_INFORMATION PROVIDED_
--

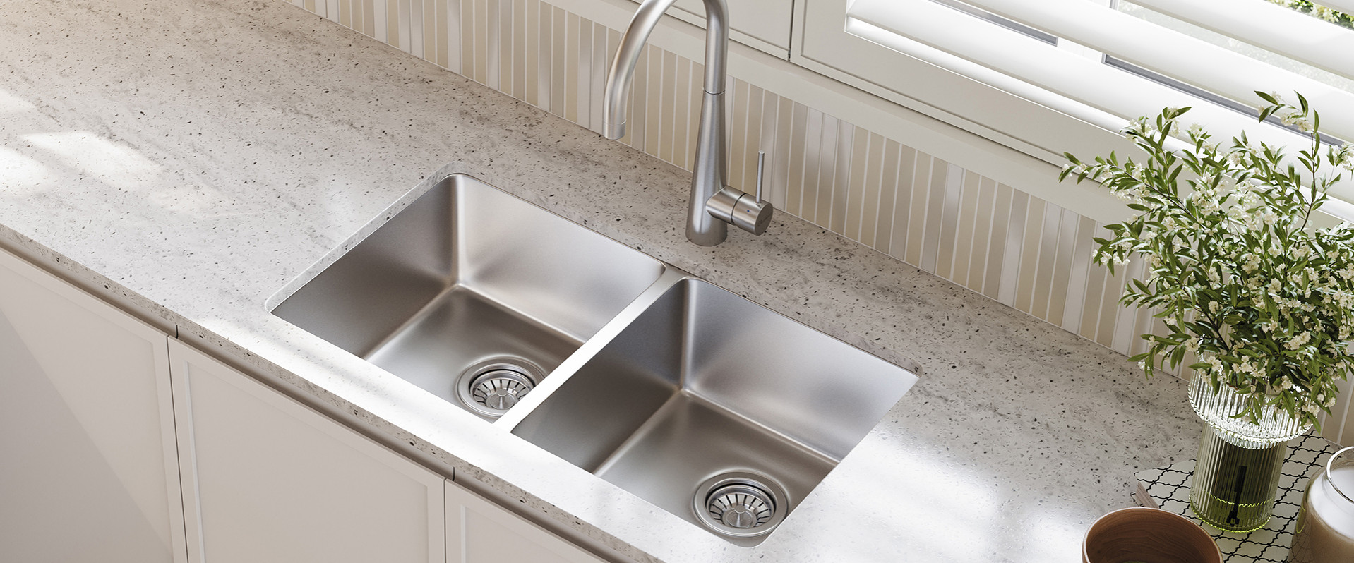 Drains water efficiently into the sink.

--

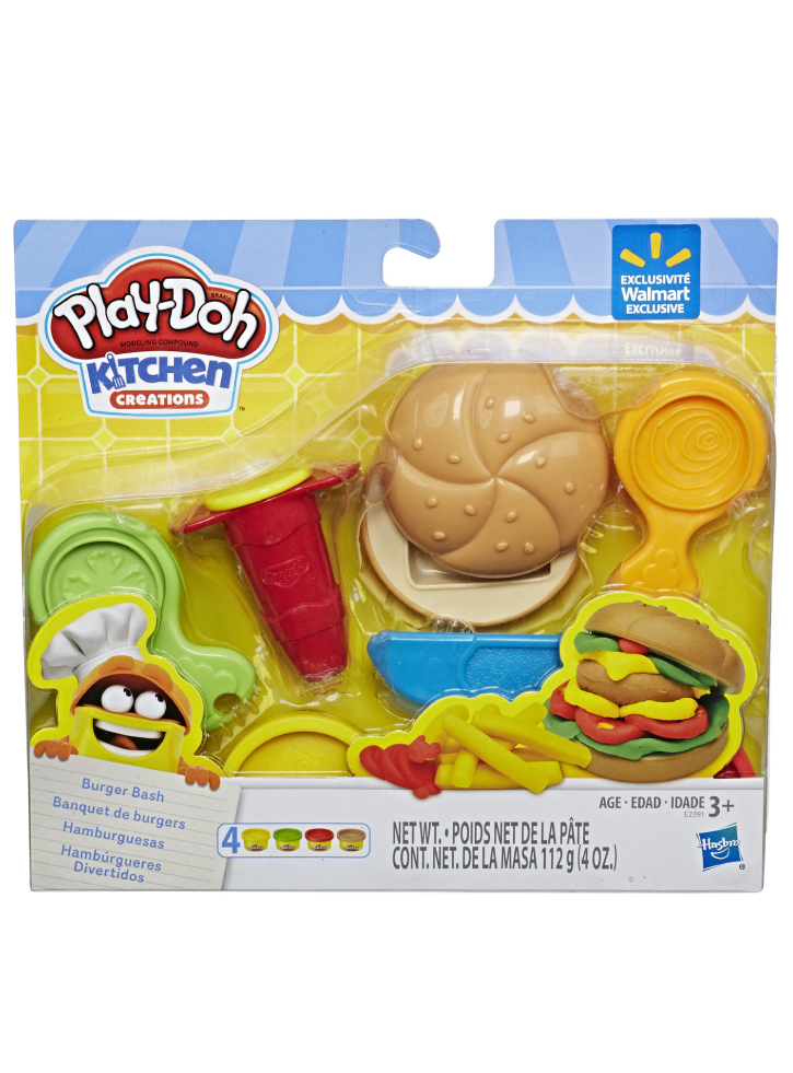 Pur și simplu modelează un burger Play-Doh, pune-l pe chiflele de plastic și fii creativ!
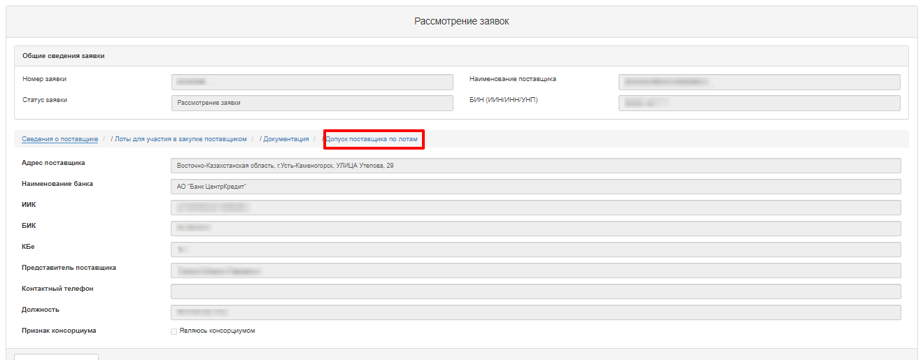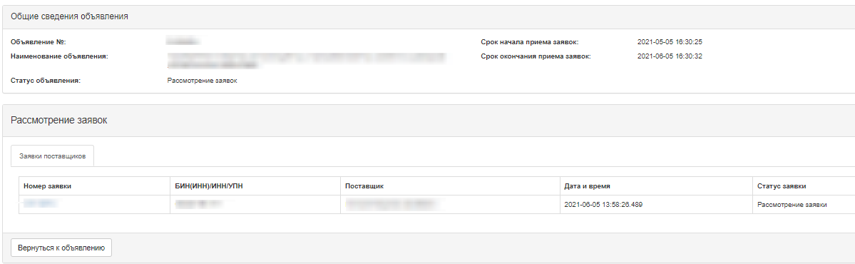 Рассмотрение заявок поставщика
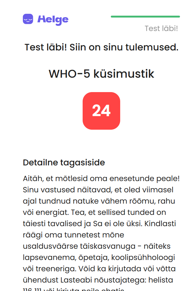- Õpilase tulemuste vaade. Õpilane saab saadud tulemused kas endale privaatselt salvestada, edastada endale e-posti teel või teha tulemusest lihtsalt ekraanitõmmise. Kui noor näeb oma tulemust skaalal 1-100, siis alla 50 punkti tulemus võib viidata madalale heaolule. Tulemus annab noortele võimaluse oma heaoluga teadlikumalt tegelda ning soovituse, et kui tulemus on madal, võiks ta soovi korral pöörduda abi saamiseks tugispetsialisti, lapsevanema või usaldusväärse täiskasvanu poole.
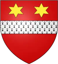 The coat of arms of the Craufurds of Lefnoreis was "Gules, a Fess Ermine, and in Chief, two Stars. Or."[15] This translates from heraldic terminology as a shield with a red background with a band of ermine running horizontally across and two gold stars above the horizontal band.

--

_PROBLEM TO WORK ON_
Pictures are to be left out. Write out only the lines above starting at the one with "Pur și simplu" and ending at the one with "Рассмотрение заявок поставщика", both lines included, exactly.

_SOLUTION FOR THIS TASK_
 Pur și simplu modelează un burger Play-Doh, pune-l pe chiflele de plastic și fii creativ!
 Рассмотрение заявок поставщика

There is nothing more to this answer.